BD 26 23 LDA $2326, X ; high order first 48 PHA BD 20 23 LDA $2320, X ; low order last 48 PHA 60 RTS ; go there
It's easy, it's fast, it's compact, and it's one of the most powerful tricks in the repertoire of the 6502 programmer. Microsoft Basic uses it to get to the various routines - PRINT, LET, FOR ... etc. The Machine Language Monitor uses it to interpret its commands - .M, .R, and so on.
The Stack Pointer
There are a couple of commands that tell you where the stack is working, or allow you to control where it is. You won't need to use them very often, but a little detail is worth while.
The stack works in a downwards direction. As you push things, the stack pointer gets lower. As you pull them back, the pointer goes back up. If the stack pointer gets down to its bottom value, pointing at address hex 0100, it will wrap around to 01FF if you try pushing more things in; but your program will be in serious trouble long before you reach this point.

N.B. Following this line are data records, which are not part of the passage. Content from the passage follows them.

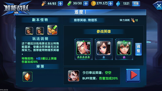 玩家可以点击主界面右侧历练按钮进入日常训练据点破坏关卡。在据点破坏关卡中,所有的小怪boss都受到了某种电磁波影响,法攻英雄无法对他们造成伤害。所以在战斗时,玩家要尽量选择物理型英雄上场。在战斗时还要记得带上当日的幸运英雄,给敌人造成更多的伤害。
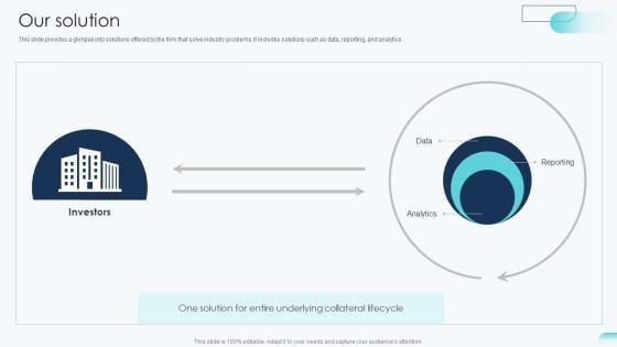 This slide provides a glimpse into solutions offered by the firm that solve industry problems. It includes solutions such as data, reporting, and analytics. Make sure to capture your audiences attention in your business displays with our gratis customizable Our Solution Big Data Analytics Investor Funding Elevator Pitch Deck. These are great for business strategies, office conferences, capital raising or task suggestions. If you desire to acquire more customers for your tech business and ensure they stay satisfied, create your own sales presentation with these plain slides. This slide provides a glimpse into solutions offered by the firm that solve industry problems. It includes solutions such as data, reporting, and analytics.
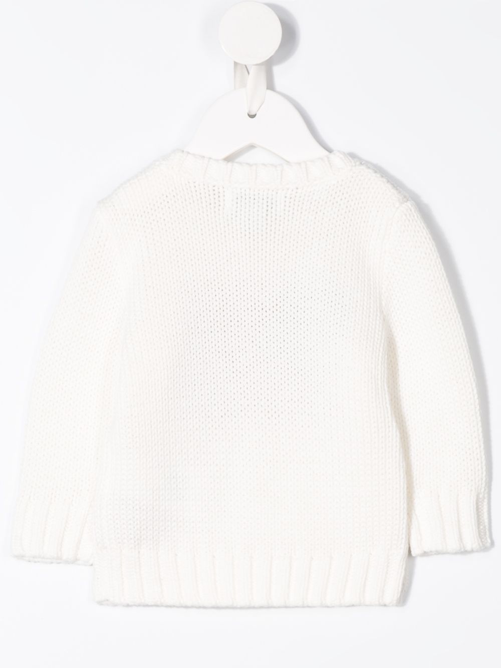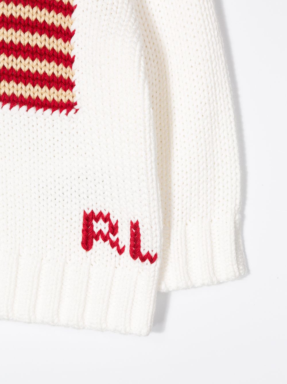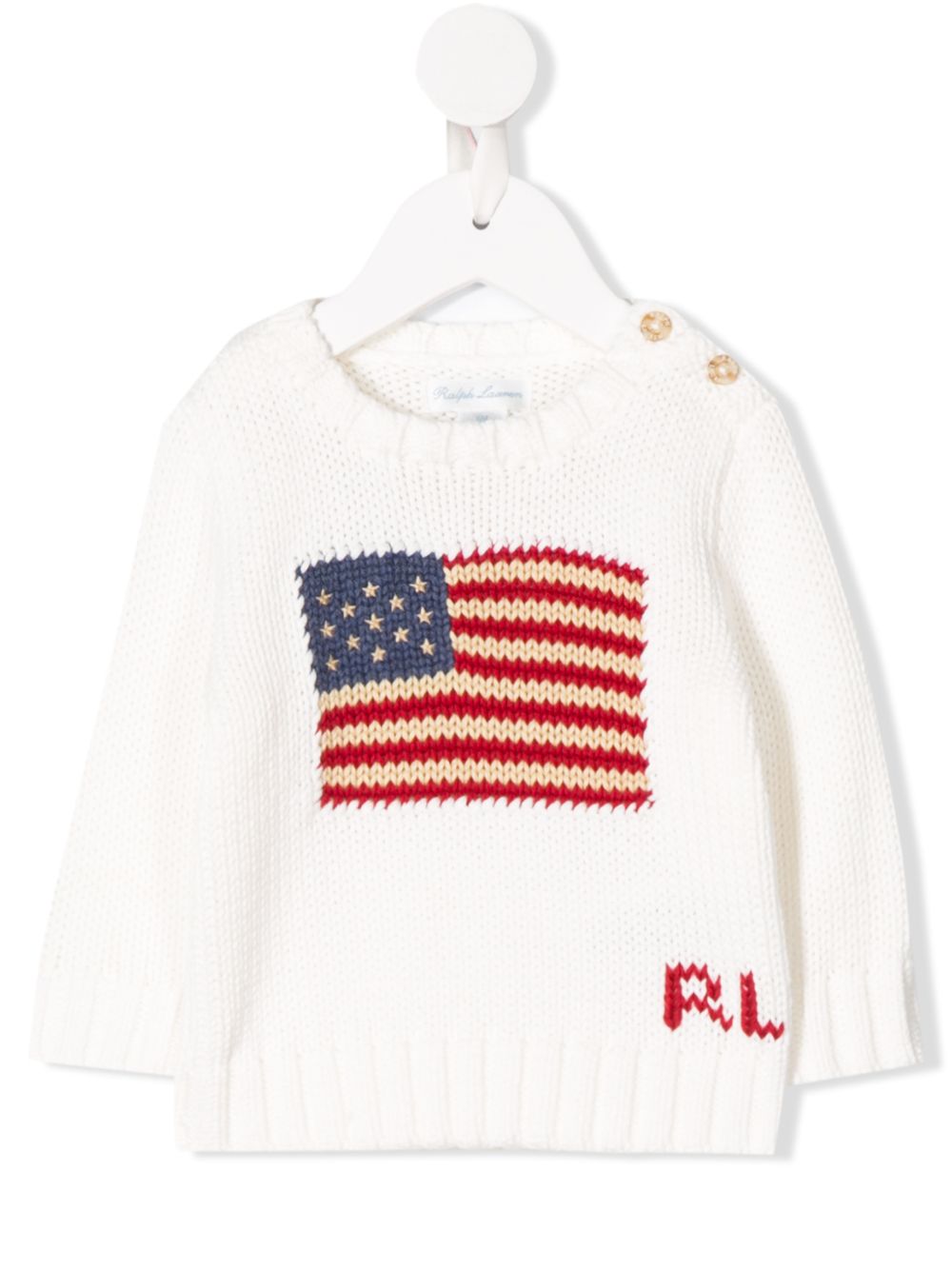Maglione bianco in cotone a maglia con bandiera di Ralph Lauren Kids, caratterizzato da scollo rotondo a coste, chiusura con bottoni sulle spalle, lavorazione a maglia, maniche lunghe e orlo e polsini a coste.
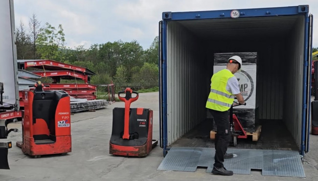 - Facilité d'accès: La rampe permet de créer un passage surélevé et stable entre le sol et le container, facilitant le chargement et le déchargement de marchandises à l'aide d'un chariot élévateur ou d'un transpalette.
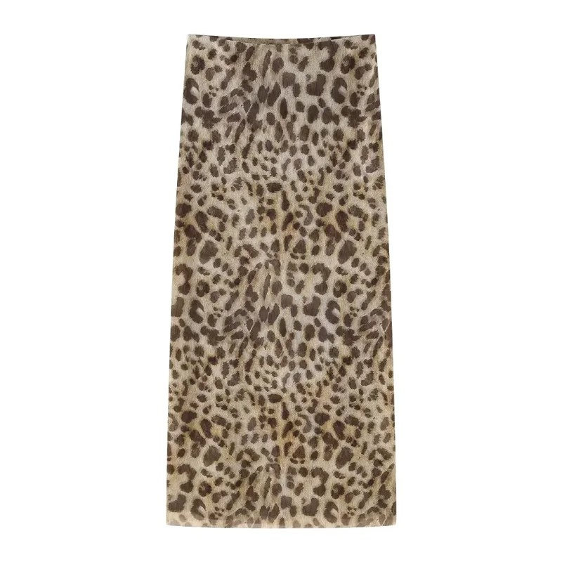 Lunga elegante gonna midi leopardata per donne Gonna animale stilosa in vita Gonna fluida a stampa per autunno primavera sera città
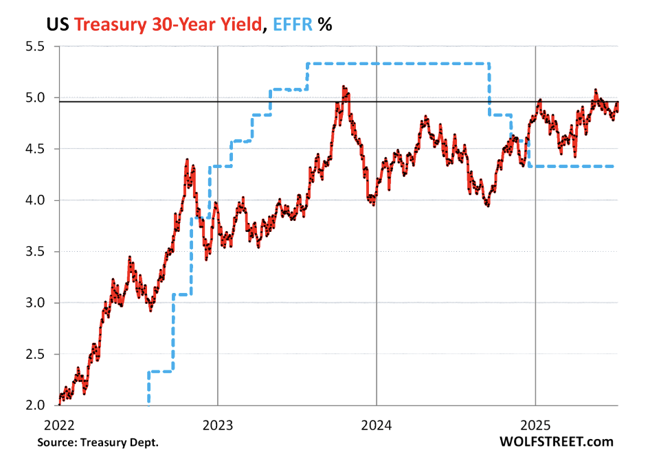 The 30-year Treasury yield (now back to late January 2025 when equities topped) is a thermometer of the bond market’s current fears about:

The stack pointer indicates the next location that will be used. If the pointer has a value of 92, you know that the next value that you push will go into address 0192; or the next value that you pull will come from address 0193.

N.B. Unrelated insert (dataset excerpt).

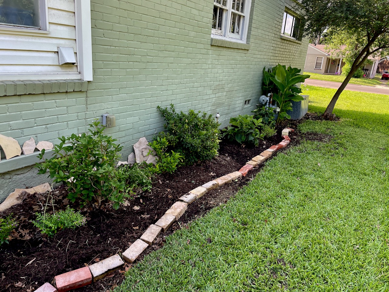 The entire flower bed along the east side of the house…
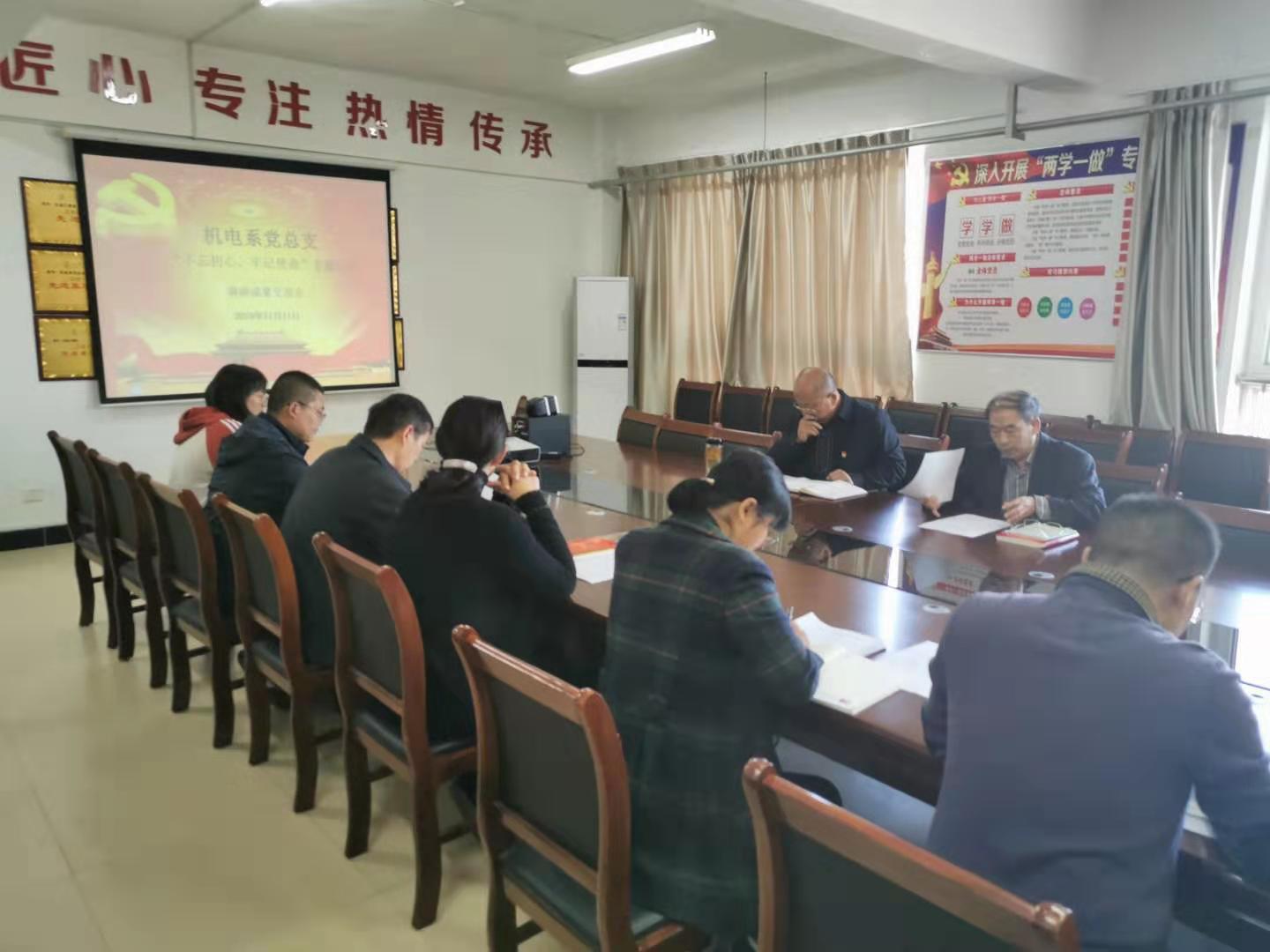 征集调研题目,扎实开展调研。机电系党总支高度重视本次调研成果交流会。会前,各位班子成员围绕“不忘初心、牢记使命”主题教育工作安排,制定了机电系党总支领导班子调研方案,积极进行了调研题目征集,开展深入调查研究,掌握实情,分析问题,研究对策。

The command TXS - Transfer X to Stack Pointer, hex 9A - is most often used to reset the stack completely. This cancels everything: subroutines, interrupts, the whole works. On most PETs, you should set the pointer to hex FA with: LDX #$FA, TXS.
The command TSX – Transfer Stack Pointer to X, hex BA – is used for a couple of things.
You can check to see if you have too many things on the stack by coding TSX, CPX #$40 ... use whatever pointer limit you think is reasonable, but hex 40 is about as low as you should ever allow it to get.
The stack is in memory, of course; so you can look through the stack directly by examining the contents of locations 0100 to 01FF. You'll need to know where to start, of course, and TSX comes in handy here. If you give TSX followed by LDA $0100,X you will load the location to which the stack points. That may not be too useful, since it's the next location to be filled, and isn't part of the "active" stack. By incrementing X, however, or by looking higher with an instruction such as LDA $0101,X you can get to whatever part of the stack interests you.
Most of the time, the stack will take care of itself. Occasionally, however, you'll find that digging a little deeper into the mechanics of the stack can make it possible to do some very effective coding.